Brice Antwion McCain (born December 10, 1986) is a former American football cornerback. He was drafted by the Houston Texans in the sixth round of the 2009 NFL Draft. He has also played for the Pittsburgh Steelers, Miami Dolphins, and Tennessee Titans. He played college football at Utah.

High school career
McCain attended Terrell High School in Terrell, Texas where he was all-district as a running back and defensive back. He played cornerback, wide receiver and running back and returned punts and kickoffs. He also lettered in basketball and track, running 100 meters in 10.3 seconds, and was a member of the 400m relay team that placed second in the state (40.6 seconds).

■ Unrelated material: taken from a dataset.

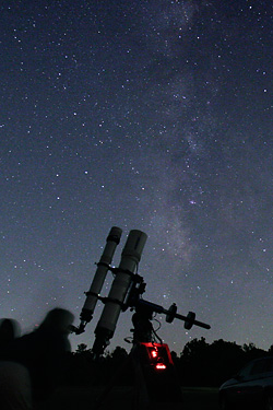 Our eyes also sample the world in a way that can be thought of as a "time exposure", usually on a relatively short basis of a few tenths of a second when the light levels are high as in the daytime. Under low light conditions, the eye's exposure, or integration time can increase to several seconds. This is why we can see more details through a telescope if we stare at a faint object for a period of time. The eye is a relatively sensitive detector. It can detect a single photon, but this information is not sent along to the brain because it does not exceed the minimum signal-to-noise ratio threshold of the noise-filtering circuitry in the visual system. It requires several photons for a detection to be sent to the brain. A digital camera is almost as sensitive as the eye, and both are much more sensitive than film, which requires many photons for a detection. It is the time sampling with long exposures that really makes the magic of digital astrophotography possible. A digital sensor's true power comes from its ability to integrate, or collect, photons over much longer time periods than the eye. This is why we can record details in long exposures that are invisible to the eye, even through a large telescope.

He was considered a two-star recruit by Rivals.com.

College career
McCain attended the University of Utah from 2005 to 2008. He totaled 103 tackles in his career, with three interceptions and 21 pass breakups. He was a two-time all-MWC selection.

Professional career

Houston Texans
McCain was drafted by the Houston Texans in the sixth round (188th pick) of the 2009 NFL Draft.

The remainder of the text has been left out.